Sm0ke

Posted on May 21, 2021 • Originally published at docs.appseed.us

Parse LIVE Website - Extract component and convert to React

#python #webdev

Hello Coders,

This article explains how to parse and extract components from a LIVE website using open-source libraries and tools. Personally, I'm using HTML parsing to convert automatically components from one technology (Bootstrap) to others like React, Vue, Svelte with less manual work and better quality.

Thanks for reading! - The article is heavily inspired from here: Parse HTML Components

Parsing LIVE websites or lifeless HTML files might be useful in many scenarios. I will mention only a few:

code a pricing scanner to detect changes
check health for a LIVE system
extract components and reuse previous work for evolutions
extract texts from a LIVE website and check text errors

In the end, I will mention an open-source Django product that uses a UI built with components extracted from a Bootstrap 5 Kit using parsing code quite similar to the one presented in this article.

Tools we need

Python - the interpreter
Beautiful Soup - a well-known parsing library
Lxml - used to compensate BS4 limitations

The process

Load the HTML content - this can be done from a local file or using a LIVE website
Analyze the page and extract XPATH expression for a component
Use Lxml library to extract the HTML using Xpath selector
Format the component and save it on disk

Install tools

$ pip install requests 
$ pip install lxml
$ pip install beautifulsoup4

Once all tools and libraries are installed and accessible in the terminal, we can start coding using Python console.

$ python [ENTER]
>>>

The HTML content can be a local file or a remote one, deployed and rendered by a LIVE system.

Load the HTML from a local file (a simple file read)

>>> f = open('./app/templates/index.html','r')
>>> html_page = f.read()

Load content from a live website - Pixel Lite

>>> import requests
>>> page = requests.get('https://demo.themesberg.com/pixel-lite/index.html')
>>> html_page = page.content

At this point, html_page variable contains the entire HTML content (string type) and we can use it in BS4 or Lxml to extract the components. To visualize the page structure we can use browser tools:

The target component will be extracted using an XPATH expression provided by the browser:

//*[@id="features"]

Once we have the selector, let's extract the components using LXML library:

>>> from lxml import html
>>> html_dom = html.fromstring( html_page )
>>> component = html_dom.xpath( '//*[@id="features"]' )
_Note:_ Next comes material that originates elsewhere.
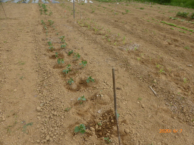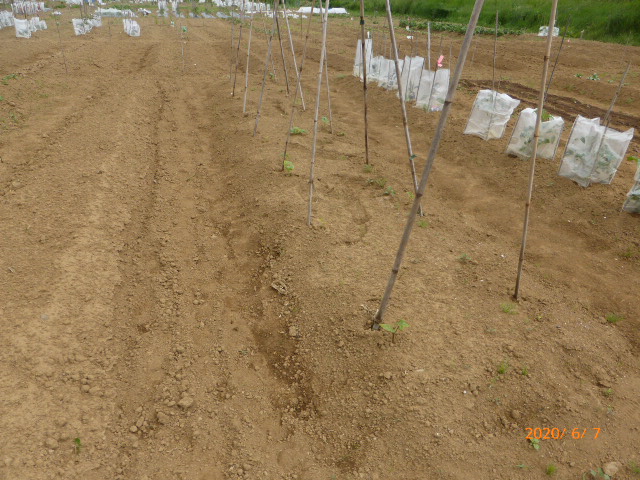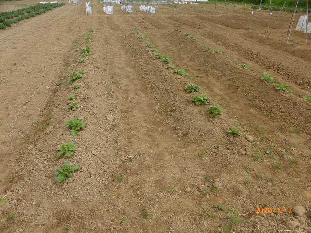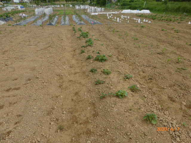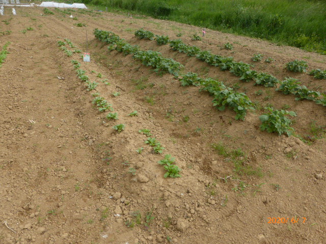 6月に入り如何にか晴天が続いておりますが気温は低め、作物の生育はいまいち遅れ気味です。大きな雨降らず畑カラカラまとまった雨がほしい。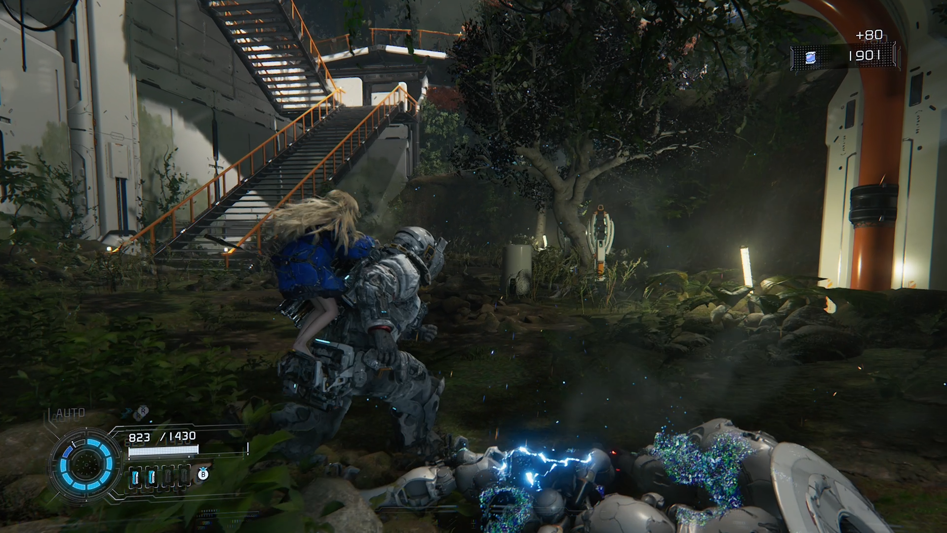 This multifaceted combat system keeps you on your toes and makes for some insanely fun gameplay. Combining strings of special nodes to link, confuse, stun, and otherwise weaken the robots and then following it up with a barrage of bullets and rockets made me feel like I was on a power trip as I melted robots left and right, all the while dodging their feeble attempts to defeat me. Diana shouts words of encouragement and even provides audible queues when you're being targeted, need to move, or when to strike. Hugh and Diana together are a powerful duo. After a good brawl, they can head back to the Shelter to regroup and get some shiny new stuff.

If the XPATH selector returns a valid component, we should have a valid LXML object that holds the HTML code - Let's use it:

>>> from lxml.etree import tostring
>>> component_html = tostring( component[0] )
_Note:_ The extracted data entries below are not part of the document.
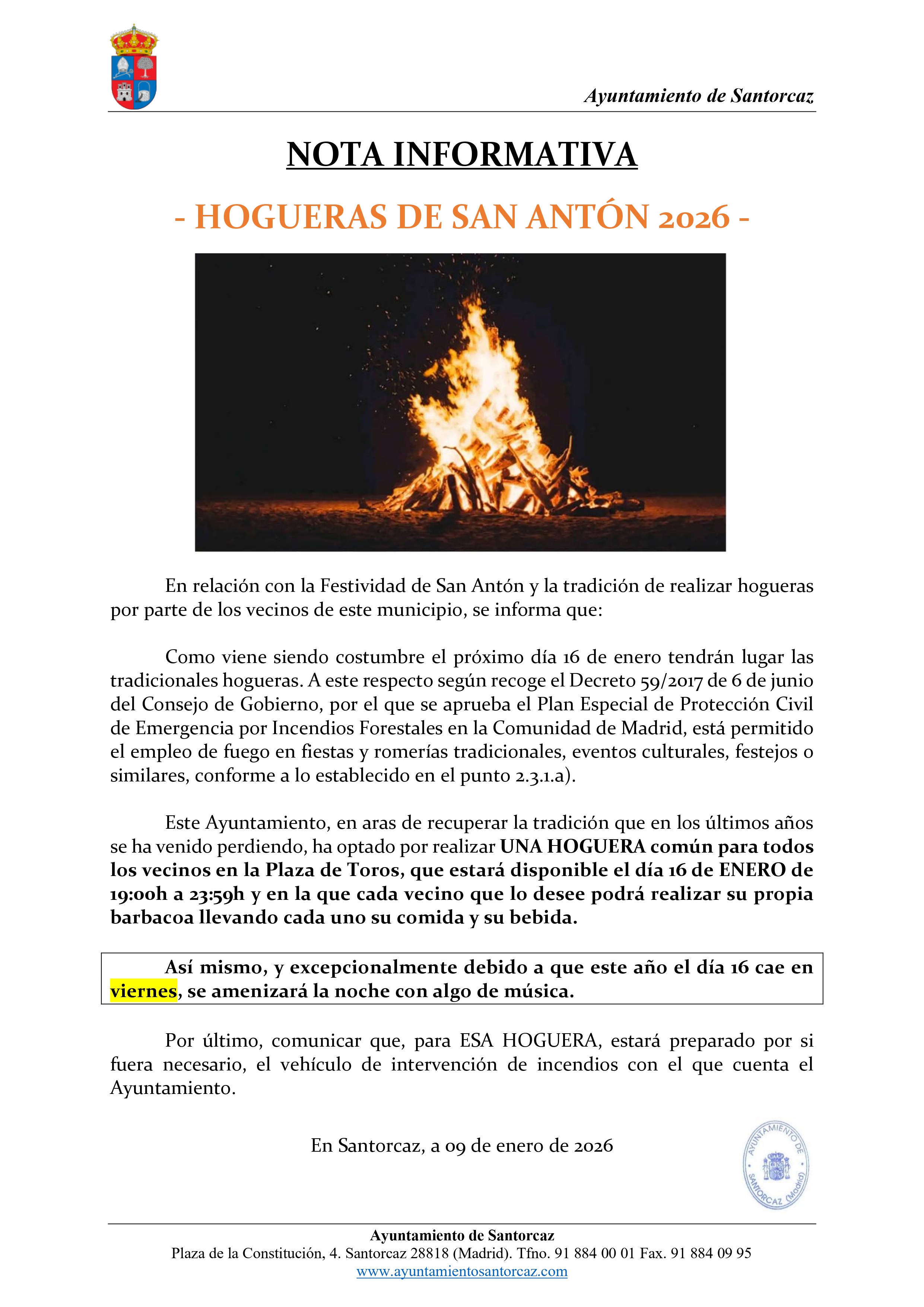 🗓️🥳 CALENDARIO LABORAL y FECHAS FIESTAS SANTORCAZ 2026 🥳🗓️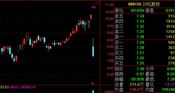 然而,投资者未能如愿以偿。18日,川化股份低开低走,最终以全天最低价7.3元收盘,跌幅高达28.92%。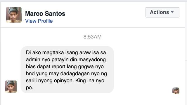 DEATH THREAT. A Facebook user tells Rappler that he won’t wonder if one of our administrators or managers will be murdered.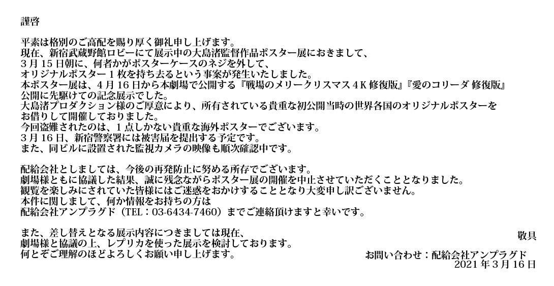 ポスターの展示は、2作品の公開に先駆け大島渚プロダクションの厚意により実施。しかし、同作を配給するアンプラグドによれば、3月15日朝に何者かがポスターケースのネジを外し、オリジナルポスター1枚を持ち去られる事案が発生。『戦場のメリークリスマス』の場面が切り取られた、1点しかない貴重な海外ポスターが盗難被害に遭ったため、3月16日には新宿警察署に被害届を提出するとのこと。また、今後の再発防止に努めるとともに、劇場と協議した結果、ポスター展の開催中止を決断したという。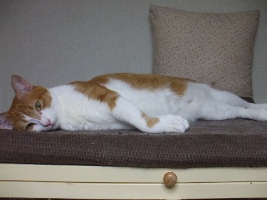 本格的にあつくなってきて扇風機も出しました。皆さんは暑さ対策はどうされていますか?久しぶりに晴れて洗濯ものもよくかわいたので、ベッドカバーやまくらカバーソファーカバーを麻など白色のものに模様替えしました。白を多くすると、すずしげな感じがしますカバーをかえるときいつも邪魔しに来るまえがみがキュートな子・・・・----------------------あいかわらず、カブくんは、非常に規則正しい動きをしています。朝食後、トイレ、それから、このように、PCの裏にはさまっていて、ごろごろ5時くらいになると、ふわ~っといいながらのそのそでてきて、ご飯をまつために、かごの中や、棚の上でくつろいでいます。外にも、他の猫にも関心がないみたいで・・・。この子がけんか傷もなく、なんの病気にもなっていないのは、こうした生活習慣にあるのかもしれません。神奈川より・・・・・ミオちゃん里親さん募集中カブくん里親さん募集中ランキングは・・・・現在23位だそうです。ありがとうございます!こちらのリンクを、クリックしてネにほんブログ村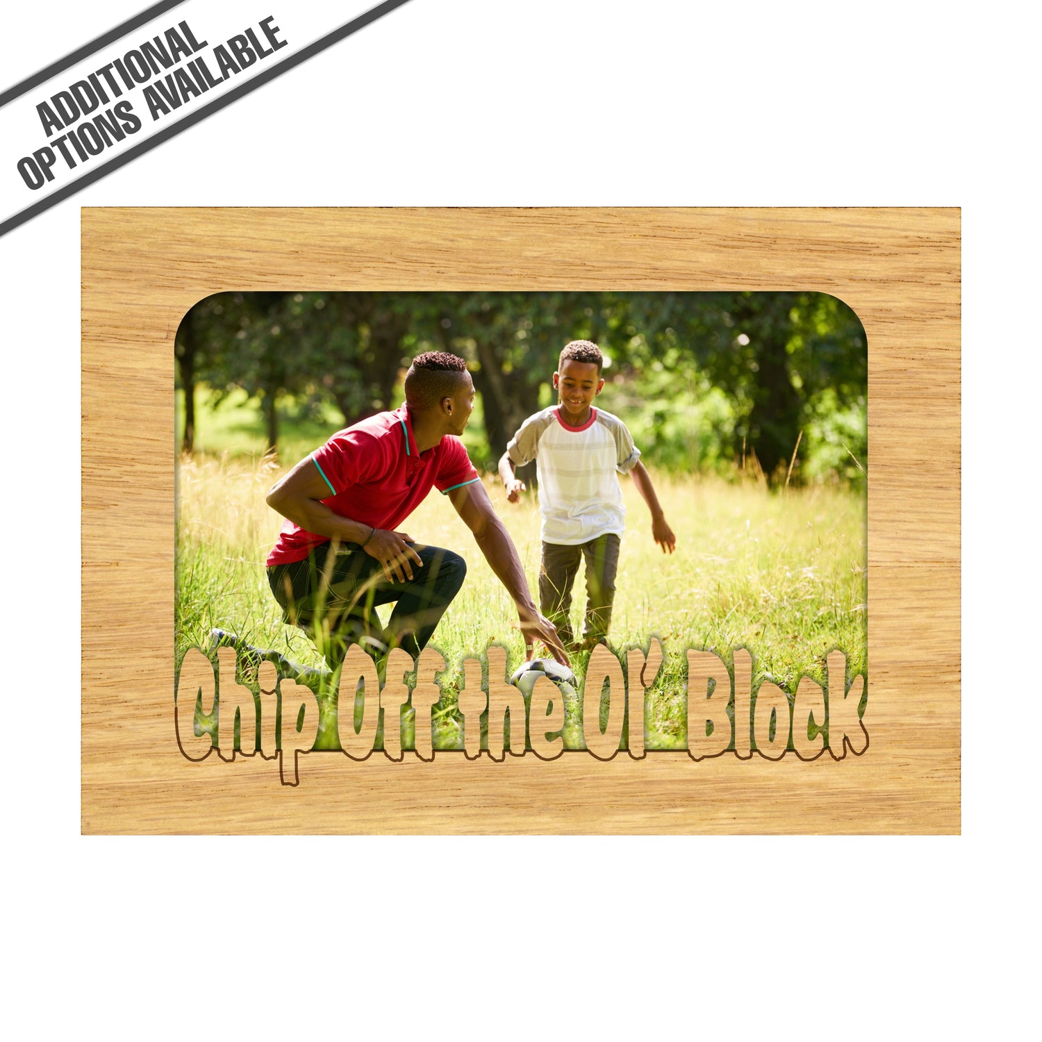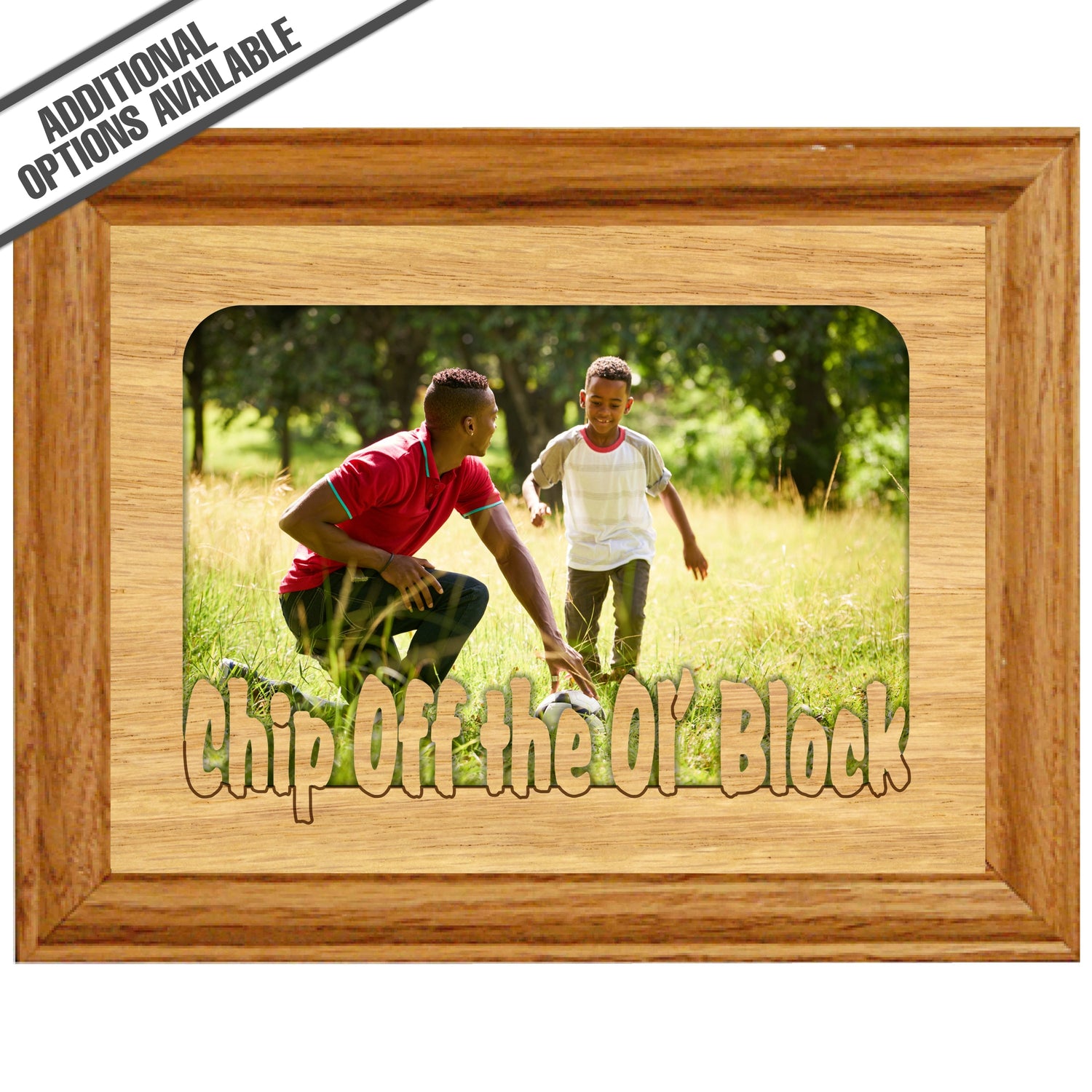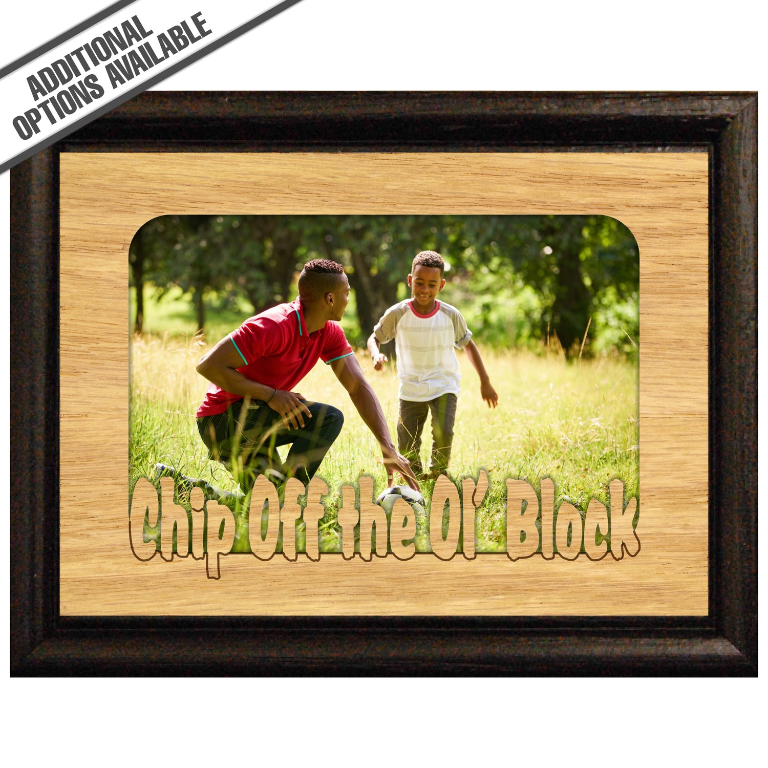 Celebrate family ties with our charming Chip Off the Ol' Block picture frame! Crafted from high-quality wood, this delightful frame features the playful phrase "Chip off the ol' Block," making it the perfect way to showcase your favorite memories with loved ones. Its rustic design adds warmth to any decor, while the sturdy construction ensures your cherished photos are beautifully displayed for years to come. Gift it to a proud parent or treat yourself—this frame is a heartwarming addition to any home! Our FrameWorks magnetic mattes are the best way to accentuate any picture. Prefect for a fridge, locker, file cabinet and more, with a strong magnetic backing. Our FrameWorks material is lightweight making it a great souvenir to pack or mail.

To have a nice formatted component and gain access to all properties like nodes, css style, texts .. etc, the HTML is used to build a Beautiful Soup object.

>>> from bs4 import BeautifulSoup as bs
>>> soup = bs( component_html )
>>> soup.prettify()

The component is now fully parsed and we can traverse all information and proceed further with a conversion to React.

  <section class="section section-lg pb-0" id="features">
   <div class="container">
    <div class="row">

     ...

     <div class="col-12 col-md-4">
      <div class="icon-box text-center mb-5 mb-md-0">
       <div class="icon icon-shape icon-lg bg-white shadow-lg border-light rounded-circle icon-secondary mb-3">
        <span class="fas fa-box-open">
        </span>
       </div>
       <h2 class="my-3 h5">
        80 components
       </h2>
       <p class="px-lg-4">
        Beatifully crafted and creative components made with great care for each pixel
       </p>
      </div>
     </div>

     ...

     </div>
    </div>
   </div>
  </section>

This tool-chain will check and validate the component to be a valid HTML block with valid tags.

The extracted component

React component

class Comp extends React.Component {
  render() {
    return COMPONENT_HTML_GOES_HERE;
  }
}

React Component usage

ReactDOM.render(<Comp />, document.getElementById('root'));

This process can be extended for more tasks and automation:

detect page layouts
validate links (inner and outer)
check images size

To see a final product built using a component extractor please access Pixel Lite Django, an open-source product that uses a Bootstrap 5 design.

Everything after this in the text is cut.